2.3. Estimating NF1 mRNA Expression and Alternative Splicing
Our quantified normal expression range indicates that NF1 expression in whole blood varies widely among the general adult population and is little dependent on age (p = 0.0068) but not on sex (p = 0.443), based on RNA-seq data from the Korean Welfare Genomics Project (WGP) [27] and Korea10K [28] (Figure 2, Figure S5). The patient carrying the c.61-2A>G mutation exhibited NF1 expression comparable to the lowest values observed among controls, indicating that this variant does not substantially reduce overall NF1 expression in blood (Figure 2).

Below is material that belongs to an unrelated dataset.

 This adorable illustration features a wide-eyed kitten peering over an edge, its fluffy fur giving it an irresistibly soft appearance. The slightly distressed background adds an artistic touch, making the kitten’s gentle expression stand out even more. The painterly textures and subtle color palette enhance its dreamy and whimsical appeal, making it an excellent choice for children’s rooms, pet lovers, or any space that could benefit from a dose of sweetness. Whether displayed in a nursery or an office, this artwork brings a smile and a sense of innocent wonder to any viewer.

However, this analysis did not identify any high-confidence patient-specific NF1 transcripts (Table S10). Therefore, we assessed alternative splicing events and NF1 mRNA isoform diversity using four RNA-based tools from the DICAST [29] pipeline (Table S11) and two DNA-based prediction tools, SpliceAI (v. 1.3.1) [30] and Pangolin (v. 1.0.1) [31]. The DNA-based tools predicted that c.61-2A>G would abolish use of the canonical splice acceptor site (at genomic position chr17:31,155,983), with similar confidence (SpliceAI = 0.98; Pangolin = 0.86) that the next available ‘AG’ splice acceptor lies ~18 bases downstream (Table S12).
Among tested DICAST [29] tools, only Whippet (v. 0.11.1) [32] detected six unique NF1 isoforms in the patient’s sample (Table S11) and revealed an overall enrichment of alternative splicing events in the patient (n = 39) compared with the healthy sibling (n = 30) and other controls. However, five of the six unique NF1 isoforms—three instances of multiple exon skipping (MES) and two instances of alternative 3′ splice site (A3) usage—did not involve introns or exons adjacent to the c.61-2A>G mutation (Table S11). Only the remaining predicted A3 event corresponded to the expected genomic location and the splicing consequence previously reported [20].

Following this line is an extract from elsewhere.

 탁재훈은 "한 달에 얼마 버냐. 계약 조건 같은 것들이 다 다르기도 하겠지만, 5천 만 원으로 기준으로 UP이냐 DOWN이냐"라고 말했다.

In parallel, DNA-based splicing prediction tools SpliceAI (v. 1.3.1) [30] and Pangolin (v. 1.0.1) [31] both identified c.61-2A>G as the NF1 variant with the strongest impact on splicing, scoring it 4–5-fold higher than any other NF1 variant in the patient (Table S12). SpliceAI (v. 1.3.1) [30] predicted five additional variants with only mild effects on NF1 splicing (scores 0.05–0.18), while Pangolin (v. 1.0.1) [31] identified four such variants (Table S12). These additional variants, however, were deemed clinically irrelevant due to their intronic location, presence in the healthy general population, and absence of pathogenicity annotations in ClinVar (version 20240331) database [21].
2.4. Methylation and the Pathogenic Mechanism of NF1 c.61-2A>G
We observed that the c.61-2A>G mutation created a novel CpG site, which was methylated in ten of the twelve long-read DNA reads (Figure S6). According to the UCSC genome browser [33] (version: GENCODE V49, Ensembl v115), the genomic location of the newly methylated cytosine (chr17:31,155,980) overlaps with two predicted Irf1 transcription factor binding sites on the opposite strand (Table S13). However, we found no evidence that this position corresponds to an open-chromatin region (Table S13), consistent with our previous observation of no exon 2 skipping or intron 1 retention events, suggesting that the observed methylation adds no additional complexity to the pathogenic splicing mechanism of c.61-2A>G.
Notably, the disruption of the canonical splice acceptor site by the c.61-2A>G mutation, and the resulting use of an alternative splice site downstream, not only creates the 16-base deletion reported in the previous study [20], but also elicits notable secondary effects (Figure 3). These include a frameshift spanning 17 amino acids before the premature termination within exon 2, truncating it by an additional 26 amino acids (Figure 3, Table S14).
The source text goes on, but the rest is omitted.